I can reproduce it quite often by running Spark clusters. I would say that one cluster out of five comes out bad with some worker unable to talk to the master. Since we do a lot of automated tests and performance measurements, we get many outliers and basically makes Swarm with overlay networks too unreliable.

dvenza commented 8 years ago

There is something fishy in the overlay network namespace.
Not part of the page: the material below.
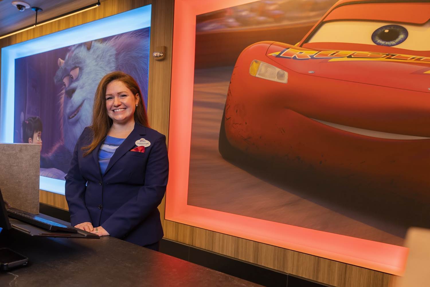 This idea continues right into the lobby, where guests will be surrounded by unique art and displays from the various films in the Pixar Animation Studios catalog. At the front desk, guests will be greeted by Cast Members wearing costumes that feature strips of color, with the idea that the color is what helps the film come to life from start to finish, much like how guests rely on the front desk cast to interact throughout their stay, from the first greeting to the final farewell after check-out.

Here is the vxlan fdb on the host on which the "blocked" container is running:

$ sudo nsenter --net=/var/run/docker/netns/1-07e76e17d6 bridge fdb show dev vxlan1
6e:ed:5e:b7:60:b1 vlan 1 permanent
6e:ed:5e:b7:60:b1 permanent
02:42:0a:00:04:11
33:33:00:00:00:01 self permanent
01:00:5e:00:00:01 self permanent
33:33:ff:b7:60:b1 self permanent
02:42:0a:00:04:10 dst 192.168.47.12 self permanent
02:42:0a:00:04:03 dst 192.168.47.19 self permanent
02:42:0a:00:04:0f dst 192.168.47.12 self permanent
02:42:0a:00:04:0e dst 192.168.47.20 self permanent
02:42:0a:00:04:0d dst 192.168.47.20 self permanent
02:42:0a:00:04:0c dst 192.168.47.13 self permanent
02:42:0a:00:04:0b dst 192.168.47.17 self permanent
02:42:0a:00:04:09 dst 192.168.47.15 self permanent
02:42:0a:00:04:08 dst 192.168.47.16 self permanent
02:42:0a:00:04:07 dst 192.168.47.16 self permanent
02:42:0a:00:04:13 dst 192.168.47.21 self permanent
02:42:0a:00:04:06 dst 192.168.47.21 self permanent
02:42:0a:00:04:12 dst 192.168.47.18 self permanent
02:42:0a:00:04:05 dst 192.168.47.18 self permanent

02:42:0a:00:04:11 is the MAC address of the container with which the "blocked" container cannot talk. The other MAC addresses have an IP address, but that one does not.

Any idea, @mavenugo ?

mavenugo commented 8 years ago

Thanks @dvenza. i will page @mrjana to see if he has any ideas.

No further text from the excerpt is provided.